## Exercise inputs:
- - -
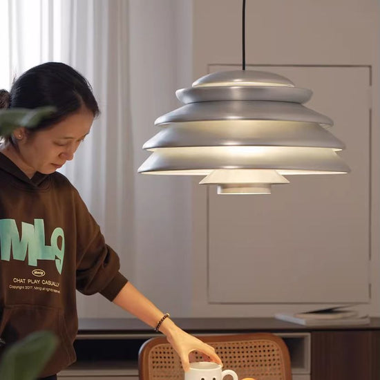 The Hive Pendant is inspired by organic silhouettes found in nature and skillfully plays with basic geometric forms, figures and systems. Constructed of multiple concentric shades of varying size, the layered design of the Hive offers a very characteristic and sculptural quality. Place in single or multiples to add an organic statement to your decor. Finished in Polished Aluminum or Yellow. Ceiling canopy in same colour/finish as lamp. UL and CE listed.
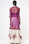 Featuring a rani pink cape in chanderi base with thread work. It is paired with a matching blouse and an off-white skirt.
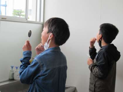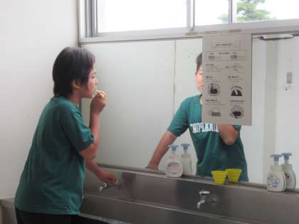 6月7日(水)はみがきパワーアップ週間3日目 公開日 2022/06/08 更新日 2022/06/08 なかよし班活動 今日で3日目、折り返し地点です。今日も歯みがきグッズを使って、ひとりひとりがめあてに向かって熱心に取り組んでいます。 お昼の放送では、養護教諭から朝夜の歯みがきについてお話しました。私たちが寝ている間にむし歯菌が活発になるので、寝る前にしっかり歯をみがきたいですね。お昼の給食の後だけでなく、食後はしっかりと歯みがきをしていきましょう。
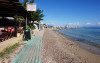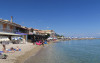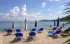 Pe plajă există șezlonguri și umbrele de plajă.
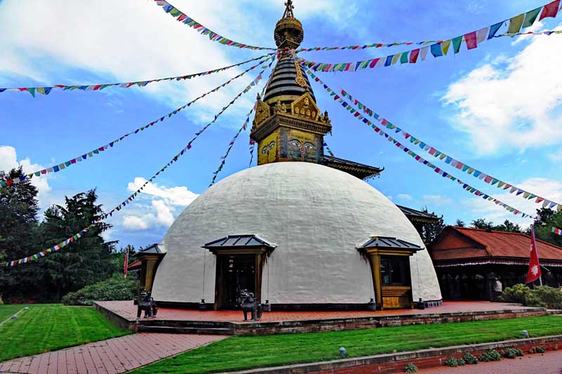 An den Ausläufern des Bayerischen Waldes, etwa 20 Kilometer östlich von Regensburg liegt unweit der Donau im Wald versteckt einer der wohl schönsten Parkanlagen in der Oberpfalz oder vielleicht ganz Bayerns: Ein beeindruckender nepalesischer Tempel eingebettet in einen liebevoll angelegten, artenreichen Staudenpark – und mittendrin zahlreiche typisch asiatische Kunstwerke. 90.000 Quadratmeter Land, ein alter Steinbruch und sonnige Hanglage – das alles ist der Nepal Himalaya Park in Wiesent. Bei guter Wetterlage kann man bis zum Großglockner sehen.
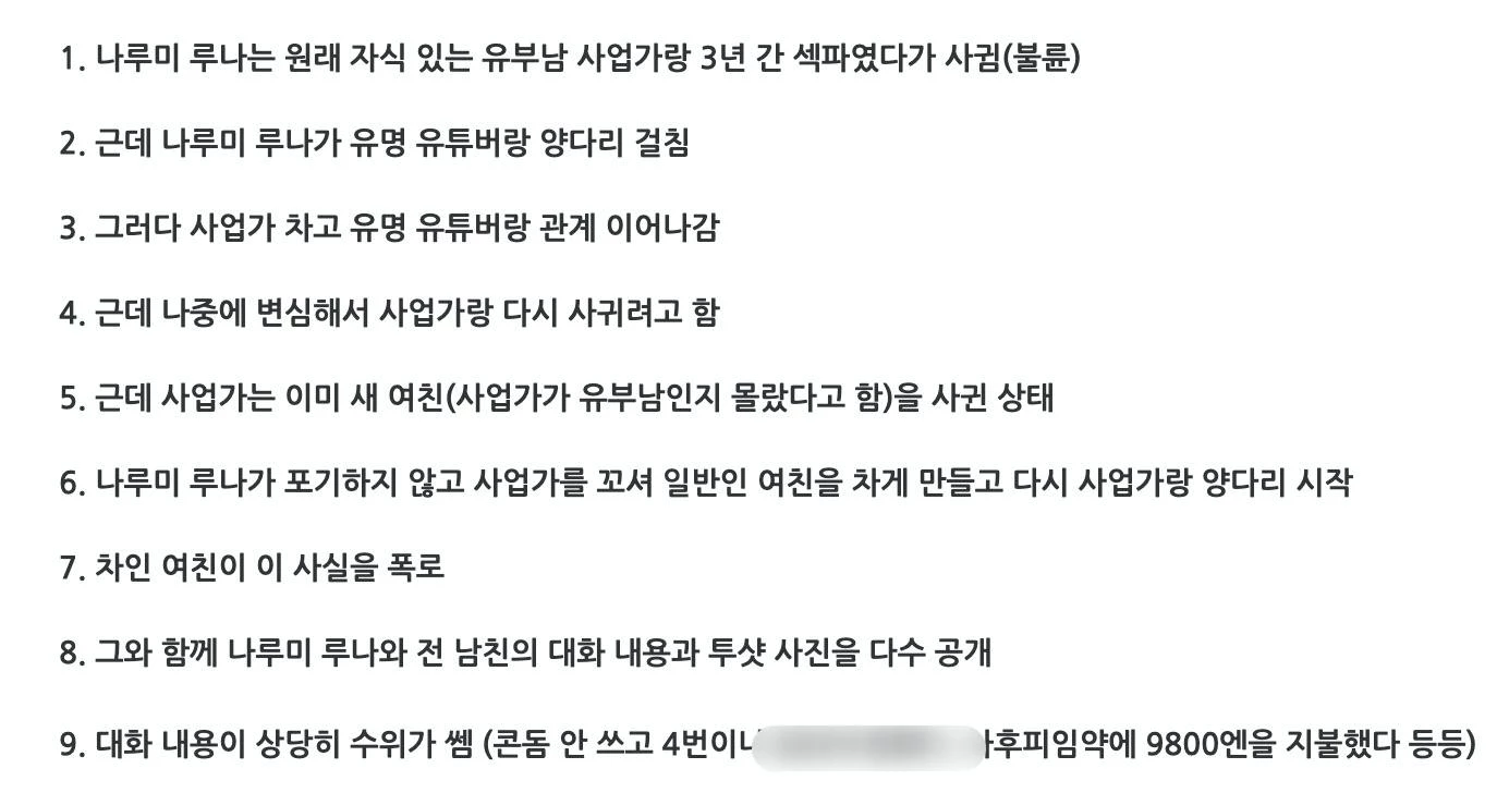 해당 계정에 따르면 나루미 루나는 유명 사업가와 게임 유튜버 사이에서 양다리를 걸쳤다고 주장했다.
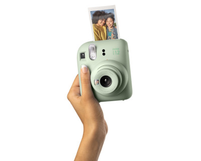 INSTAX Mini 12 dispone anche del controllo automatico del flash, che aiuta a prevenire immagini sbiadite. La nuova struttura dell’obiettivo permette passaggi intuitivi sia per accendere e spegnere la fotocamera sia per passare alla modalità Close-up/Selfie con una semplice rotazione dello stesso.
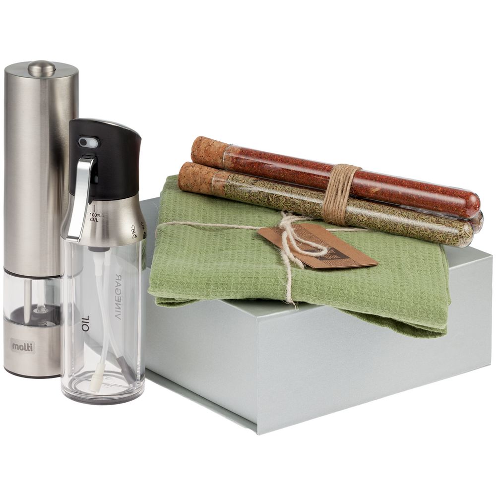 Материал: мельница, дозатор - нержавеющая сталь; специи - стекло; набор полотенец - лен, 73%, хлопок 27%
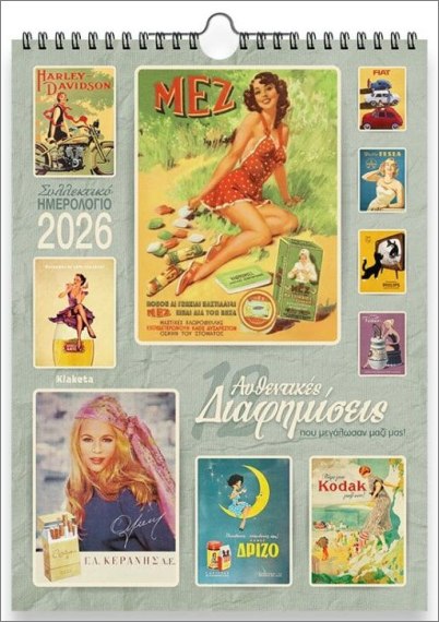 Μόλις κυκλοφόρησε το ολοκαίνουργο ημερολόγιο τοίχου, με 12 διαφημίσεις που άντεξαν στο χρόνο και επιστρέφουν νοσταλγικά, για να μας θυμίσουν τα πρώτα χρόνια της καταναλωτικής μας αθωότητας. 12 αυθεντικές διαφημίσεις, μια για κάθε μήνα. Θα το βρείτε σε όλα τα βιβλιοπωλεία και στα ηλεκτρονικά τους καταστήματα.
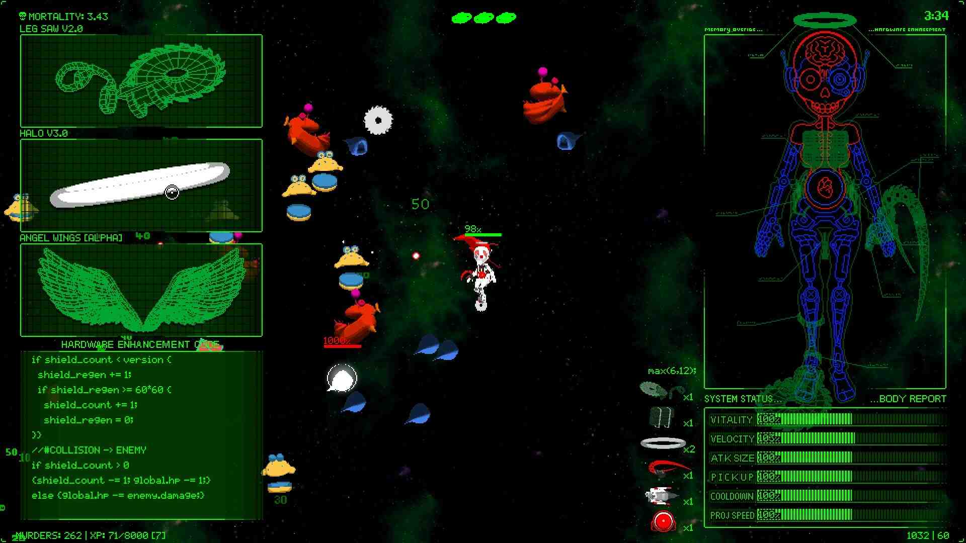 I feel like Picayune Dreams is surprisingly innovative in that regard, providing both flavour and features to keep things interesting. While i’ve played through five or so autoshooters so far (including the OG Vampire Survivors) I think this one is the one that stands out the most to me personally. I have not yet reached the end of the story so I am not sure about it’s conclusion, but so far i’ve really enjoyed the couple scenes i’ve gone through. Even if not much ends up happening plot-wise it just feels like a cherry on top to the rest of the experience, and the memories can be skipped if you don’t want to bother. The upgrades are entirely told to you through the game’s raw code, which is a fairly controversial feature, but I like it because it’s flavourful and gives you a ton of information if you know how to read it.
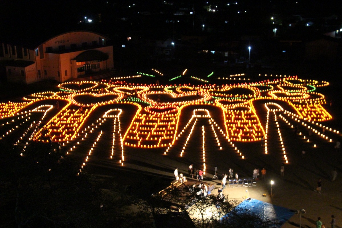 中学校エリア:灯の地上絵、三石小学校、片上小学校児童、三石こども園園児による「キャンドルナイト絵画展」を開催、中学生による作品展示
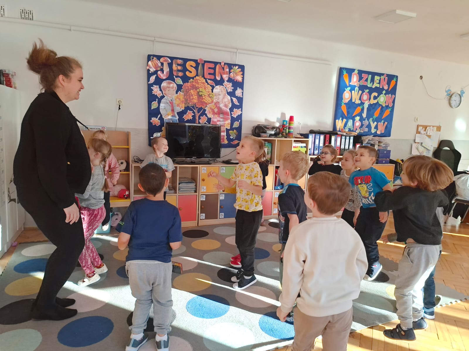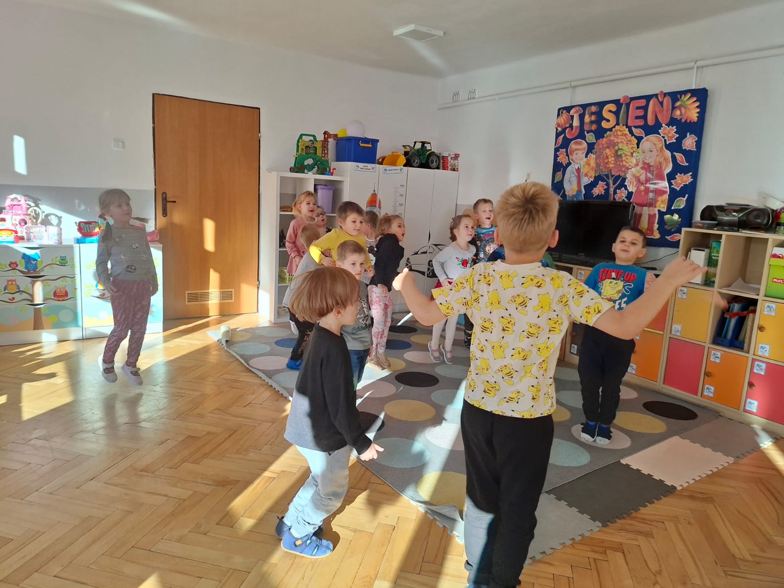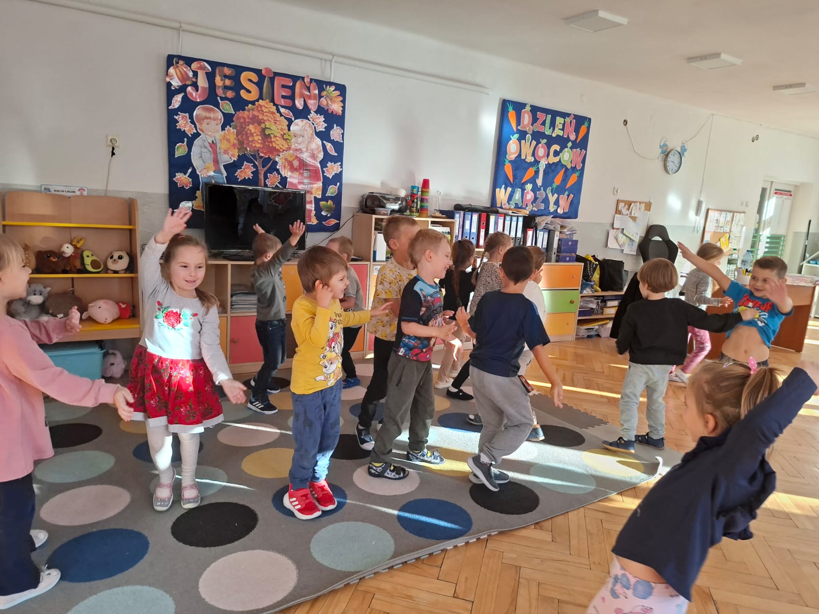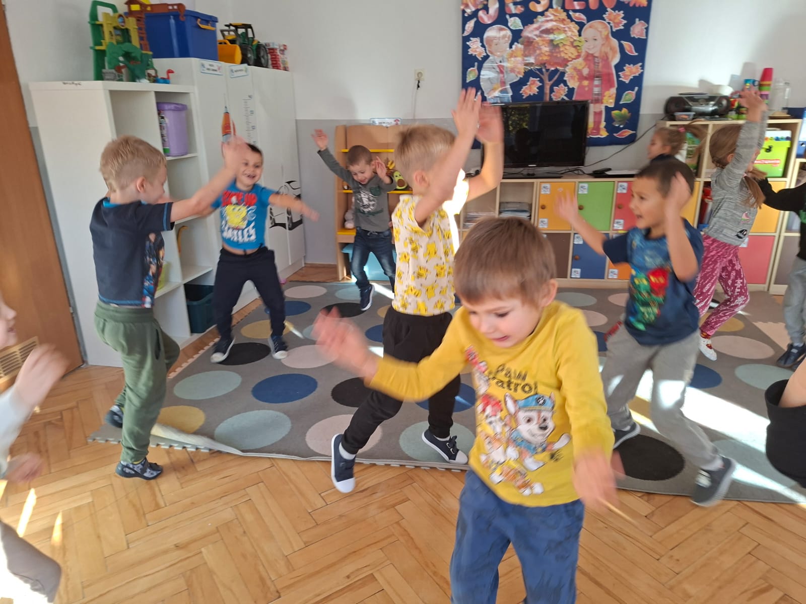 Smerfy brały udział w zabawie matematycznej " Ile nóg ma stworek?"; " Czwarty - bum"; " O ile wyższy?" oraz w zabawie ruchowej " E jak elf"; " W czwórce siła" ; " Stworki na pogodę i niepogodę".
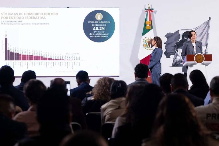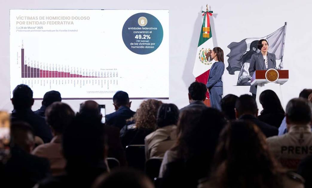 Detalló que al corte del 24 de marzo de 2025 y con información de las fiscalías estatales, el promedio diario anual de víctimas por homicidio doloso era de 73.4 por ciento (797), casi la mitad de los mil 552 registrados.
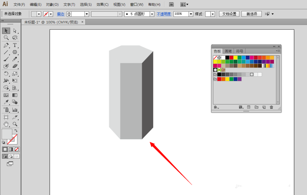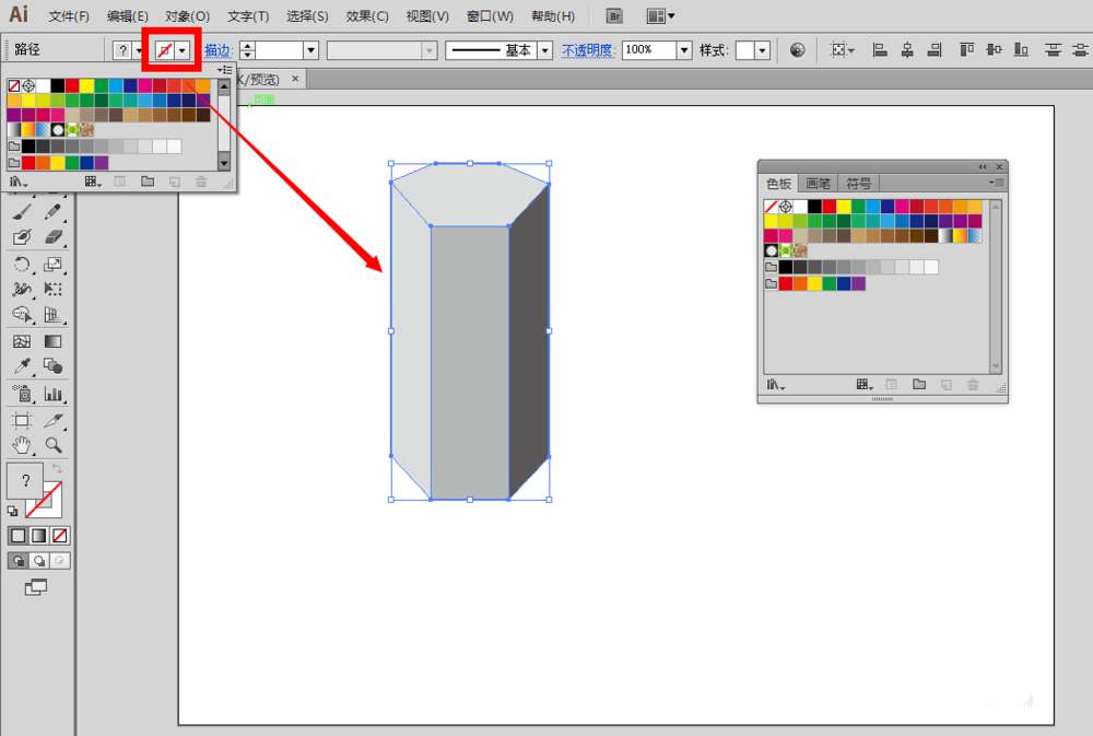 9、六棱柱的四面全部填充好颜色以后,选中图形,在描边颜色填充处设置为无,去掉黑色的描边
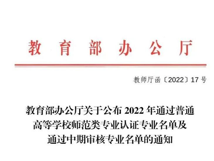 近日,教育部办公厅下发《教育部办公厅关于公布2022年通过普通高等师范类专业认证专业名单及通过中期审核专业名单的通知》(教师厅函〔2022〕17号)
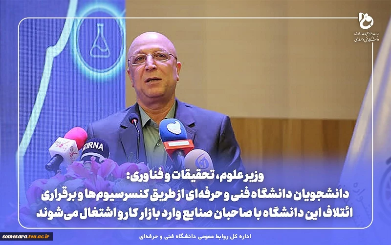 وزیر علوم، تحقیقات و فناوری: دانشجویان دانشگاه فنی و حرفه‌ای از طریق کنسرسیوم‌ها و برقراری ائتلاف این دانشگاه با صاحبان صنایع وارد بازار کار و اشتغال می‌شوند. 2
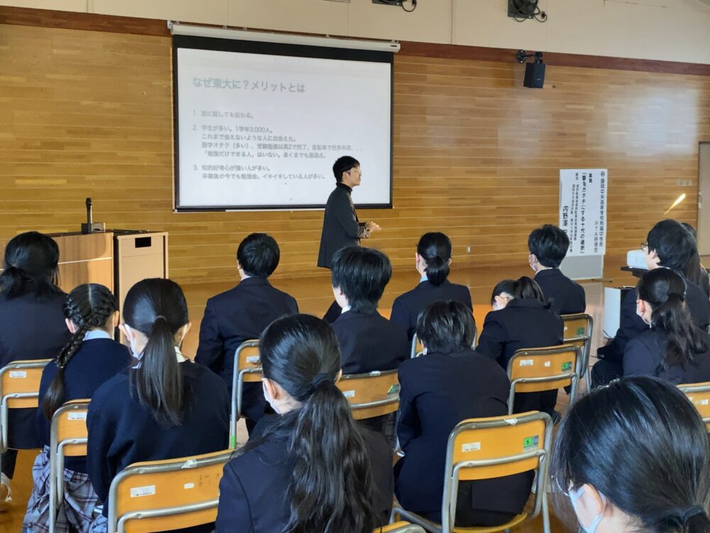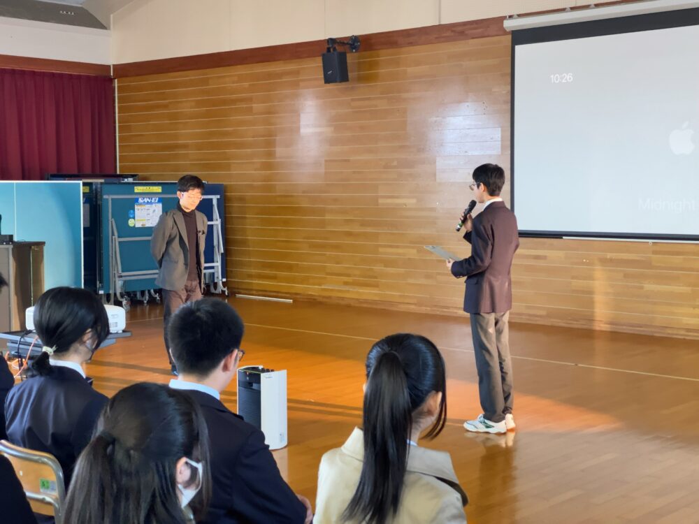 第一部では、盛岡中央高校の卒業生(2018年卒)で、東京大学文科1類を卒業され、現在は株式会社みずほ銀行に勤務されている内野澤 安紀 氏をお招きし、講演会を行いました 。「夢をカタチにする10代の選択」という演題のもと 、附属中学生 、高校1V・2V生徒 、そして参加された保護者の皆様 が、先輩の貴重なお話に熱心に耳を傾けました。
- - -
Provide the lines again, unchanged, from where the data above begins through the line containing "Featuring a rani", both ends included, omitting pictures and adding nothing.

 The Hive Pendant is inspired by organic silhouettes found in nature and skillfully plays with basic geometric forms, figures and systems. Constructed of multiple concentric shades of varying size, the layered design of the Hive offers a very characteristic and sculptural quality. Place in single or multiples to add an organic statement to your decor. Finished in Polished Aluminum or Yellow. Ceiling canopy in same colour/finish as lamp. UL and CE listed.
 Featuring a rani pink cape in chanderi base with thread work. It is paired with a matching blouse and an off-white skirt.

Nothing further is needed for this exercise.